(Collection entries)
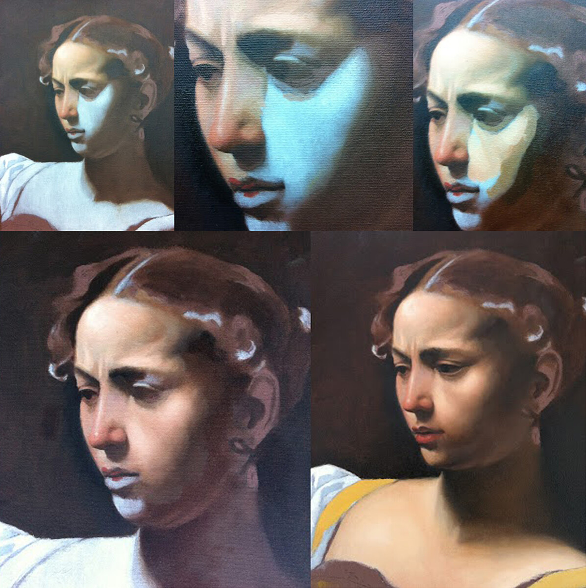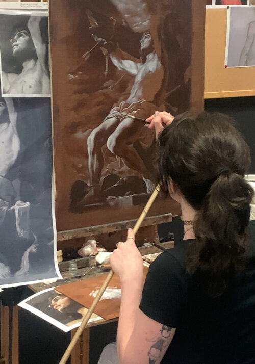 Working from high-resolution prints students will transfer the image to the prepared canvas. From there all stages of Caravaggio’s painting process will be discussed and practiced: Wash drawing, abozzo, over-painting through to the final glazes.
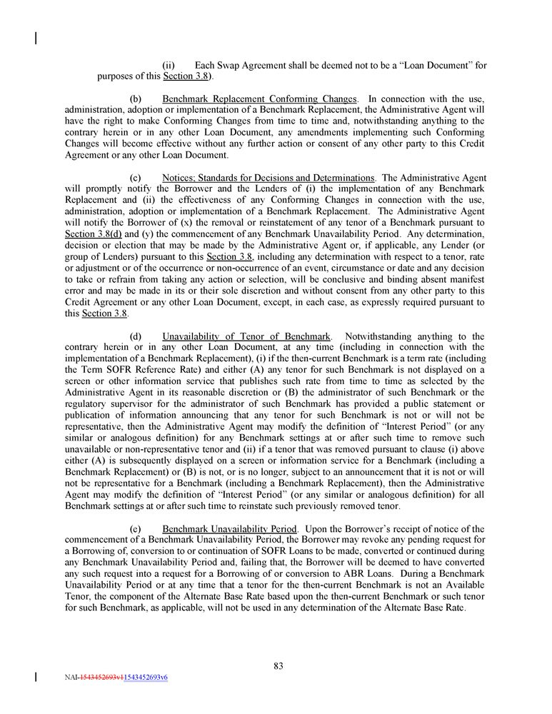 (ii) Each Swap Agreement shall be deemed not to be a “Loan Document” for purposes of this Section 3.8 ). (b) Benchmark Replacement Conforming Changes . In connection with the use, administration, adoption or implementation of a Benchmark Replacement, the Administrative Agent will have the right to make Conforming Changes from time to time and, notwithstanding anything to the contrary herein or in any other Loan Document, any amendments implementing such Conforming Changes will become effective without any further action or consent of any other party to this Credit Agreement or any other Loan Document . (c) Notices ; Standards for Decisions and Determinations . The Administrative Agent will promptly notify the Borrower and the Lenders of (i) the implementation of any Benchmark Replacement and (ii) the effectiveness of any Conforming Changes in connection with the use, administration, adoption or implementation of a Benchmark Replacement . The Administrative Agent will notify the Borrower of (x) the removal or reinstatement of any tenor of a Benchmark pursuant to Section 3 . 8 (d) and (y) the commencement of any Benchmark Unavailability Period . Any determination, decision or election that may be made by the Administrative Agent or, if applicable, any Lender (or group of Lenders) pursuant to this Section 3 . 8 , including any determination with respect to a tenor, rate or adjustment or of the occurrence or non - occurrence of an event, circumstance or date and any decision to take or refrain from taking any action or selection, will be conclusive and binding absent manifest error and may be made in its or their sole discretion and without consent from any other party to this Credit Agreement or any other Loan Document, except, in each case, as expressly required pursuant to this Section 3 . 8 . (d) Unavailability of Tenor of Benchmark . Notwithstanding anything to the contrary herein or in any other Loan Document, at any time (including in connection with the implementation of a Benchmark Replacement), (i) if the then - current Benchmark is a term rate (including the Term SOFR Reference Rate) and either (A) any tenor for such Benchmark is not displayed on a screen or other information service that publishes such rate from time to time as selected by the Administrative Agent in its reasonable discretion or (B) the administrator of such Benchmark or the regulatory supervisor for the administrator of such Benchmark has provided a public statement or publication of information announcing that any tenor for such Benchmark is not or will not be representative, then the Administrative Agent may modify the definition of “Interest Period” (or any similar or analogous definition) for any Benchmark settings at or after such time to remove such unavailable or non - representative tenor and (ii) if a tenor that was removed pursuant to clause (i) above either (A) is subsequently displayed on a screen or information service for a Benchmark (including a Benchmark Replacement) or (B) is not, or is no longer, subject to an announcement that it is not or will not be representative for a Benchmark (including a Benchmark Replacement), then the Administrative Agent may modify the definition of “Interest Period” (or any similar or analogous definition) for all Benchmark settings at or after such time to reinstate such previously removed tenor . (e) Benchmark Unavailability Period . Upon the Borrower’s receipt of notice of the commencement of a Benchmark Unavailability Period, the Borrower may revoke any pending request for a Borrowing of, conversion to or continuation of SOFR Loans to be made, converted or continued during any Benchmark Unavailability Period and, failing that, the Borrower will be deemed to have converted any such request into a request for a Borrowing of or conversion to ABR Loans . During a Benchmark Unavailability Period or at any time that a tenor for the then - current Benchmark is not an Available Tenor, the component of the Alternate Base Rate based upon the then - current Benchmark or such tenor for such Benchmark, as applicable, will not be used in any determination of the Alternate Base Rate . 83 NAI - 1543452693v1 1543452693v6
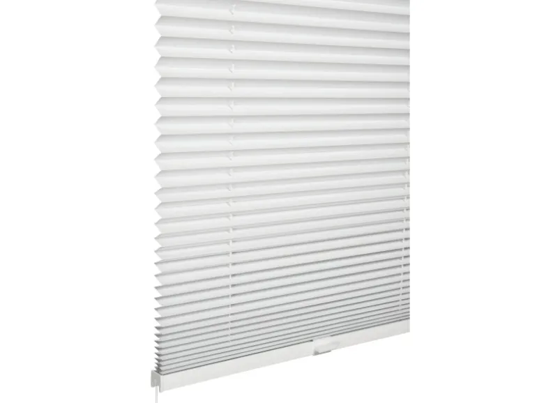 Die Montage kann entweder mit den mitgelieferten Trägern als Schraubmontage in den Fensterfalz erfolgen, oder mit den separat im Zubehör erhältlichen Klebe- oder Klemmlösungen. Die Bedienschienen, Bediengriffe und Träger sind in Weiß gehalten, wodurch sie sich optisch unauffällig an das Plissee anfügen und so den Stoff noch besser zur Geltung bringen.
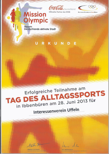 Die Stadt Ibbenbüren stand mit Rottenburg am Neckar im Finale des Wettbewerbs „Mission Olympic – gesucht wird Deutschlands aktivste Stadt 2013“. Der Sieger wurde mit einem Preisgeld von 35.000 € für den Breitensport belohnt.
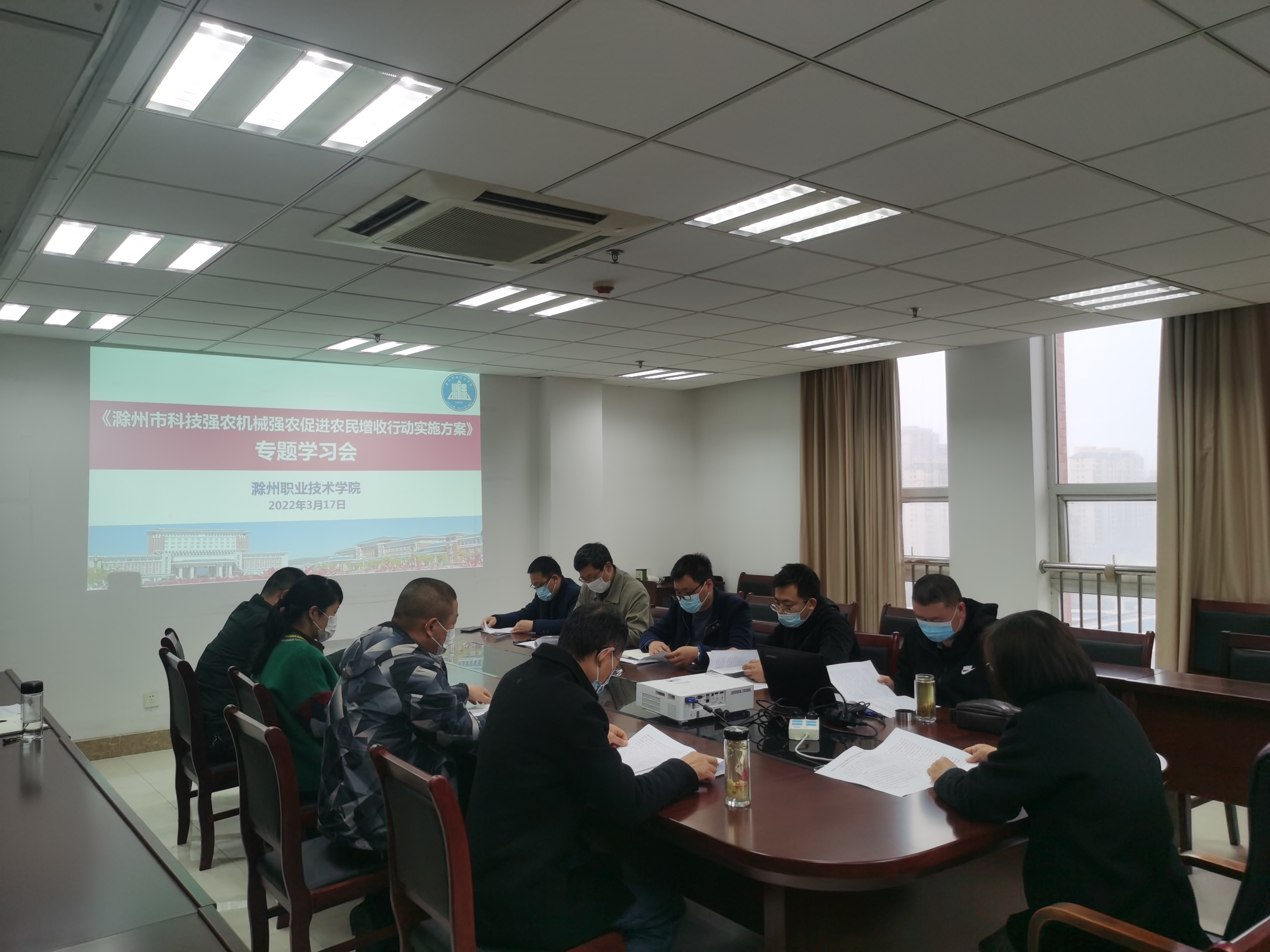 为了进一步提升学校科技服务能力,全面融入乡村振兴战略,科技处组织开展了《滁州市科技强农机械强农促进农民增收行动实施方案》(2022-2025年)(以下简称实施方案)专题学习和交流会。会议由科技处处长李爱红主持并详细解读了实施方案。教务处、电气工程学院、食品与环境工程学院和机械与汽车工程学院等教学院部负责人和相关骨干教师,科技处工作人员参加学习和交流。
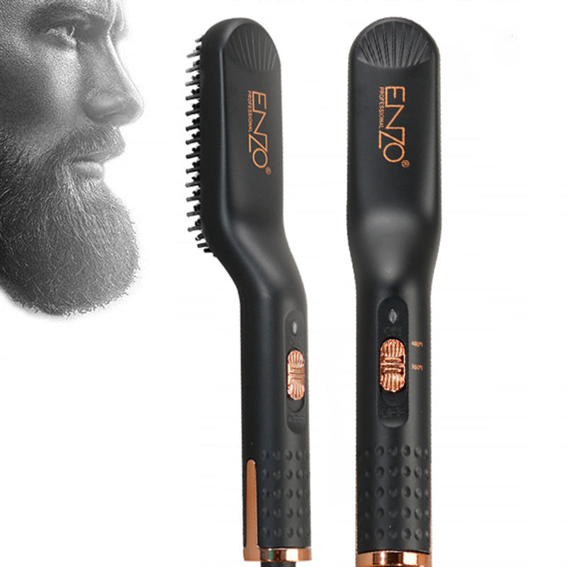 ENZO Portable électrique barbe chauffée outil de coiffure chaud petit lisseur de cheveux brosse longue et courte Style rapide barbe peigne pour hommes

__WORK TASK__.
Output every entry above exactly as written, but omit the pictures.

__ANSWER FOR THE TASK__.
 Working from high-resolution prints students will transfer the image to the prepared canvas. From there all stages of Caravaggio’s painting process will be discussed and practiced: Wash drawing, abozzo, over-painting through to the final glazes.
 (ii) Each Swap Agreement shall be deemed not to be a “Loan Document” for purposes of this Section 3.8 ). (b) Benchmark Replacement Conforming Changes . In connection with the use, administration, adoption or implementation of a Benchmark Replacement, the Administrative Agent will have the right to make Conforming Changes from time to time and, notwithstanding anything to the contrary herein or in any other Loan Document, any amendments implementing such Conforming Changes will become effective without any further action or consent of any other party to this Credit Agreement or any other Loan Document . (c) Notices ; Standards for Decisions and Determinations . The Administrative Agent will promptly notify the Borrower and the Lenders of (i) the implementation of any Benchmark Replacement and (ii) the effectiveness of any Conforming Changes in connection with the use, administration, adoption or implementation of a Benchmark Replacement . The Administrative Agent will notify the Borrower of (x) the removal or reinstatement of any tenor of a Benchmark pursuant to Section 3 . 8 (d) and (y) the commencement of any Benchmark Unavailability Period . Any determination, decision or election that may be made by the Administrative Agent or, if applicable, any Lender (or group of Lenders) pursuant to this Section 3 . 8 , including any determination with respect to a tenor, rate or adjustment or of the occurrence or non - occurrence of an event, circumstance or date and any decision to take or refrain from taking any action or selection, will be conclusive and binding absent manifest error and may be made in its or their sole discretion and without consent from any other party to this Credit Agreement or any other Loan Document, except, in each case, as expressly required pursuant to this Section 3 . 8 . (d) Unavailability of Tenor of Benchmark . Notwithstanding anything to the contrary herein or in any other Loan Document, at any time (including in connection with the implementation of a Benchmark Replacement), (i) if the then - current Benchmark is a term rate (including the Term SOFR Reference Rate) and either (A) any tenor for such Benchmark is not displayed on a screen or other information service that publishes such rate from time to time as selected by the Administrative Agent in its reasonable discretion or (B) the administrator of such Benchmark or the regulatory supervisor for the administrator of such Benchmark has provided a public statement or publication of information announcing that any tenor for such Benchmark is not or will not be representative, then the Administrative Agent may modify the definition of “Interest Period” (or any similar or analogous definition) for any Benchmark settings at or after such time to remove such unavailable or non - representative tenor and (ii) if a tenor that was removed pursuant to clause (i) above either (A) is subsequently displayed on a screen or information service for a Benchmark (including a Benchmark Replacement) or (B) is not, or is no longer, subject to an announcement that it is not or will not be representative for a Benchmark (including a Benchmark Replacement), then the Administrative Agent may modify the definition of “Interest Period” (or any similar or analogous definition) for all Benchmark settings at or after such time to reinstate such previously removed tenor . (e) Benchmark Unavailability Period . Upon the Borrower’s receipt of notice of the commencement of a Benchmark Unavailability Period, the Borrower may revoke any pending request for a Borrowing of, conversion to or continuation of SOFR Loans to be made, converted or continued during any Benchmark Unavailability Period and, failing that, the Borrower will be deemed to have converted any such request into a request for a Borrowing of or conversion to ABR Loans . During a Benchmark Unavailability Period or at any time that a tenor for the then - current Benchmark is not an Available Tenor, the component of the Alternate Base Rate based upon the then - current Benchmark or such tenor for such Benchmark, as applicable, will not be used in any determination of the Alternate Base Rate . 83 NAI - 1543452693v1 1543452693v6
 Die Montage kann entweder mit den mitgelieferten Trägern als Schraubmontage in den Fensterfalz erfolgen, oder mit den separat im Zubehör erhältlichen Klebe- oder Klemmlösungen. Die Bedienschienen, Bediengriffe und Träger sind in Weiß gehalten, wodurch sie sich optisch unauffällig an das Plissee anfügen und so den Stoff noch besser zur Geltung bringen.
 Die Stadt Ibbenbüren stand mit Rottenburg am Neckar im Finale des Wettbewerbs „Mission Olympic – gesucht wird Deutschlands aktivste Stadt 2013“. Der Sieger wurde mit einem Preisgeld von 35.000 € für den Breitensport belohnt.
 为了进一步提升学校科技服务能力,全面融入乡村振兴战略,科技处组织开展了《滁州市科技强农机械强农促进农民增收行动实施方案》(2022-2025年)(以下简称实施方案)专题学习和交流会。会议由科技处处长李爱红主持并详细解读了实施方案。教务处、电气工程学院、食品与环境工程学院和机械与汽车工程学院等教学院部负责人和相关骨干教师,科技处工作人员参加学习和交流。
 ENZO Portable électrique barbe chauffée outil de coiffure chaud petit lisseur de cheveux brosse longue et courte Style rapide barbe peigne pour hommes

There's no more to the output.